━━━━━ DATA PROVIDED ━━━━━

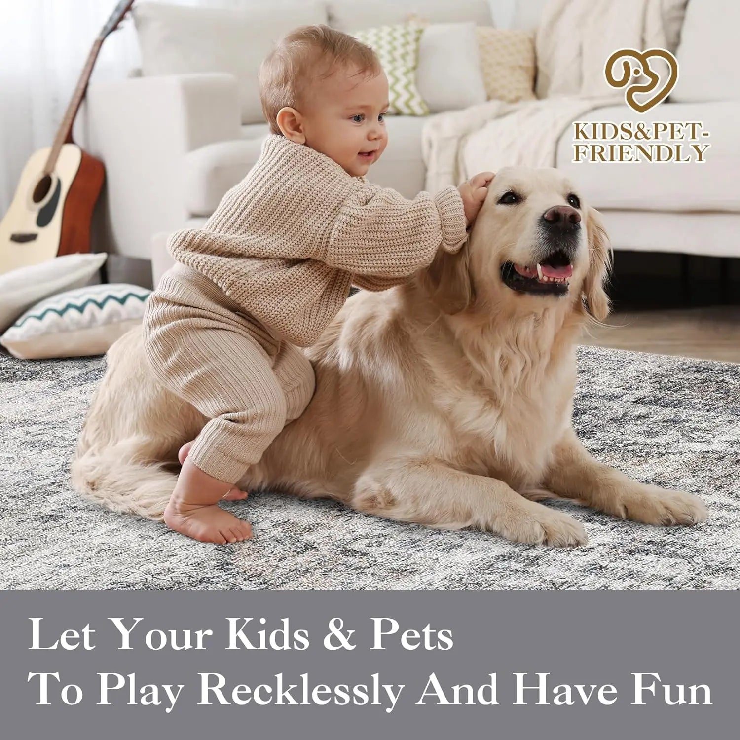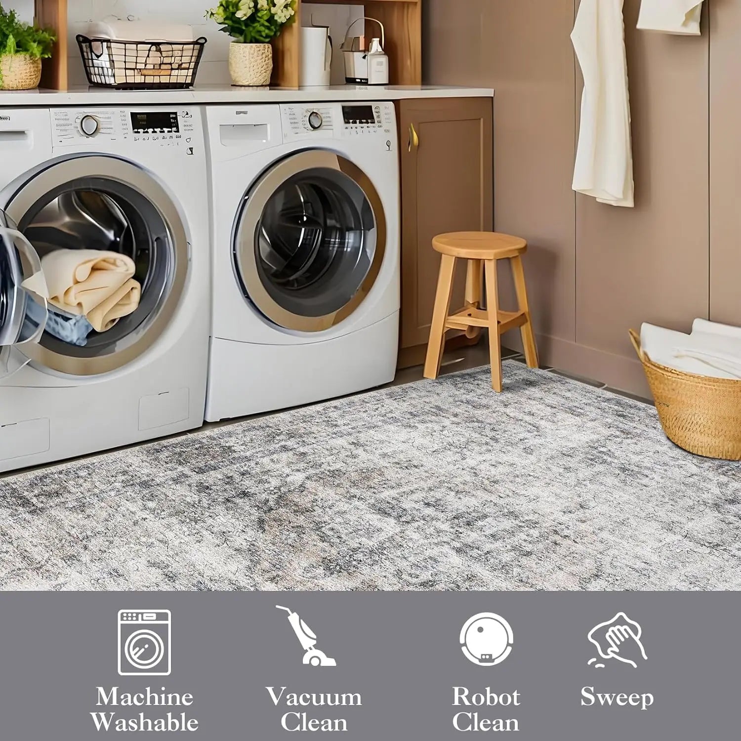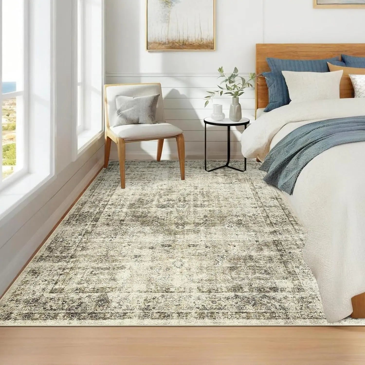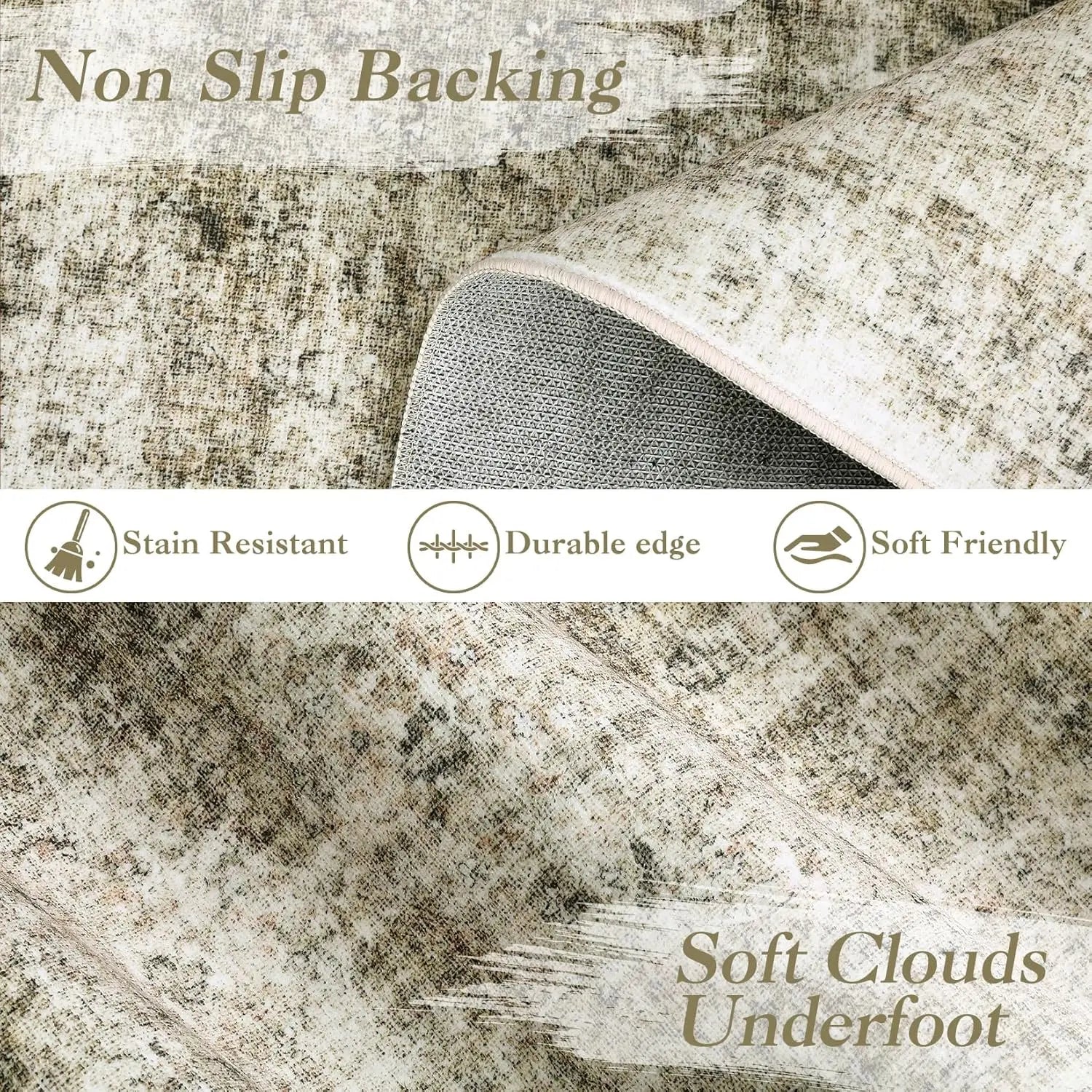 Washable Area Rug Stain-Resistant Throw Rug Indoor Carpet with Non-Slip Backing Foldable Floor Cover for Living Room, Bedroom
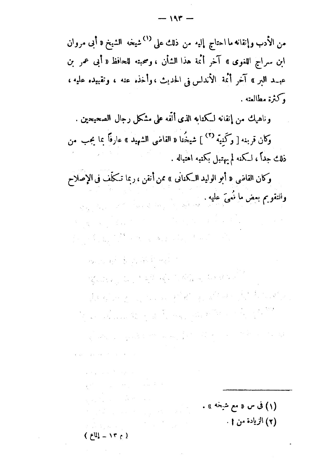 وَكَانَ الْقَاضِي أَبُو الْوَلِيدِ الْكِنَانِيُّ مِمَّنْ أَتْقَنَ رُبَّمَا تَكَلَّفَ فِي الْإِصْلَاحِ وَالتَّقْوِيمِ بَعْضَ مَا نُعِيَ عَلَيْهِ
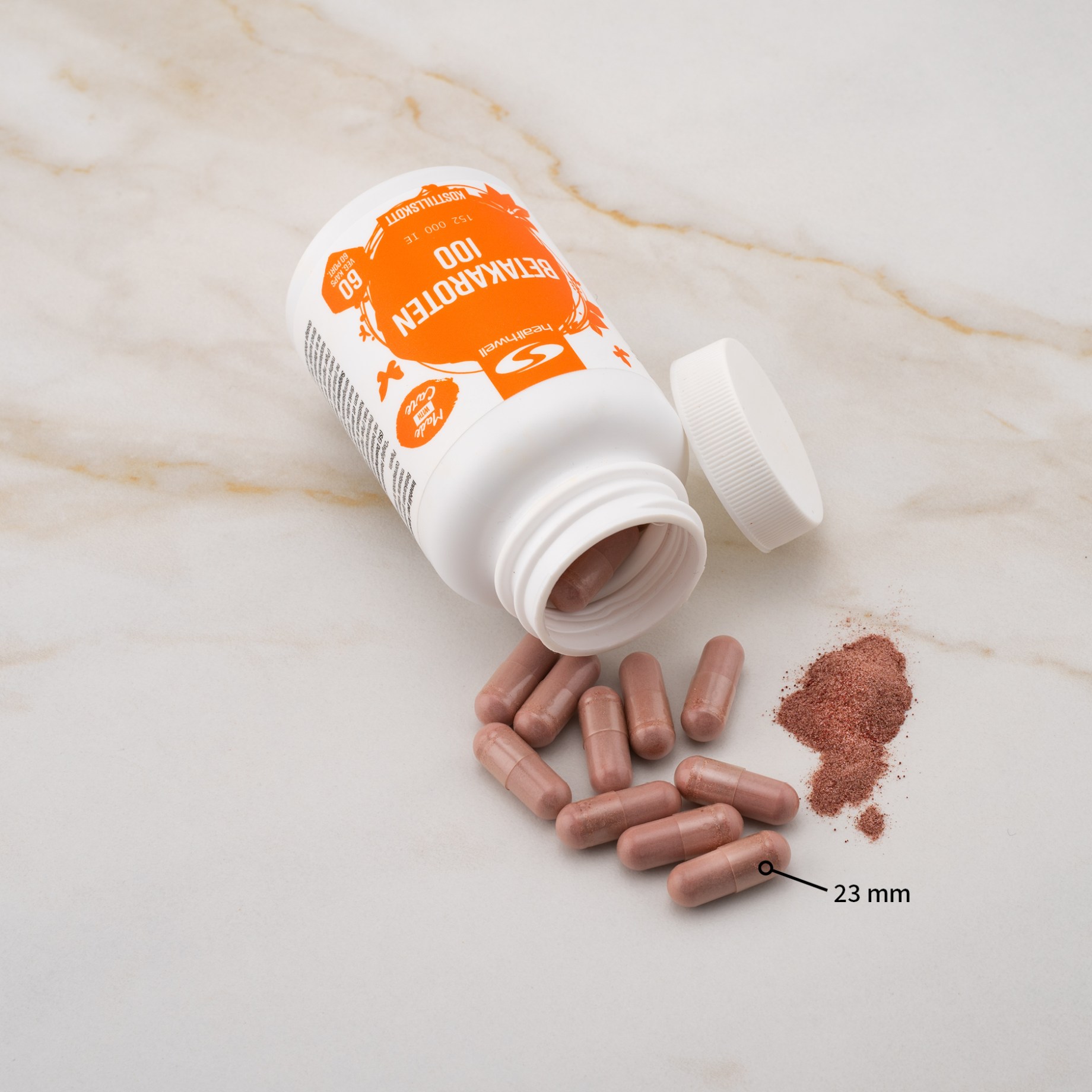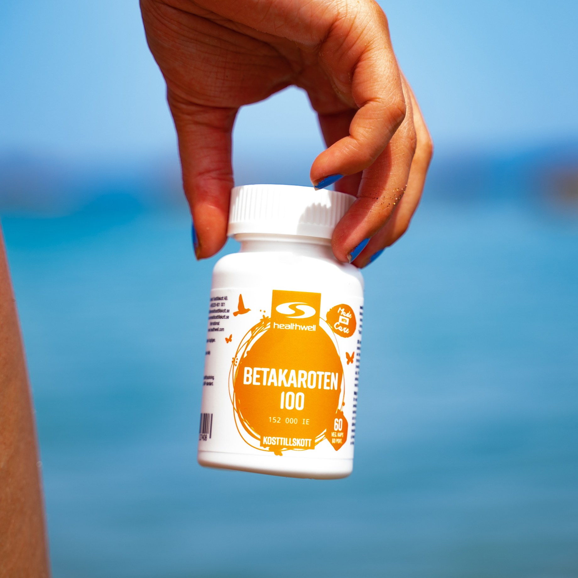 Healthwell Beetakaroteeni 100 on erittäin vahva, luonnollisesta lähteestä saatava beetakaroteenilisä kasviperäisissä kapseleissa. Yksi kapseli sisältää 100 mg beetakaroteenia, mikä vastaa 152 000 IU A-vitamiinia. Beetakaroteeni varastoituu ihon alle ja muuttuu A-vitamiiniksi ihon sitä tarvitessa. Healthwell Beetakaroteeni 100 sisältää lisäksi MCT-kookosöljyä ja mustapippuriuutetta, mikä takaa beetakaroteenin optimaalisen imeytymisen.

━━━━━

■ PROBLEM TO SOLVE ■
Begin with the line that contains "وَكَانَ الْقَاضِي أَبُو" and copy every line through the end of the listing, exactly as written, both ends included. Pictures are not part of the copy.

■ WRITTEN ANSWER ■
 وَكَانَ الْقَاضِي أَبُو الْوَلِيدِ الْكِنَانِيُّ مِمَّنْ أَتْقَنَ رُبَّمَا تَكَلَّفَ فِي الْإِصْلَاحِ وَالتَّقْوِيمِ بَعْضَ مَا نُعِيَ عَلَيْهِ
 Healthwell Beetakaroteeni 100 on erittäin vahva, luonnollisesta lähteestä saatava beetakaroteenilisä kasviperäisissä kapseleissa. Yksi kapseli sisältää 100 mg beetakaroteenia, mikä vastaa 152 000 IU A-vitamiinia. Beetakaroteeni varastoituu ihon alle ja muuttuu A-vitamiiniksi ihon sitä tarvitessa. Healthwell Beetakaroteeni 100 sisältää lisäksi MCT-kookosöljyä ja mustapippuriuutetta, mikä takaa beetakaroteenin optimaalisen imeytymisen.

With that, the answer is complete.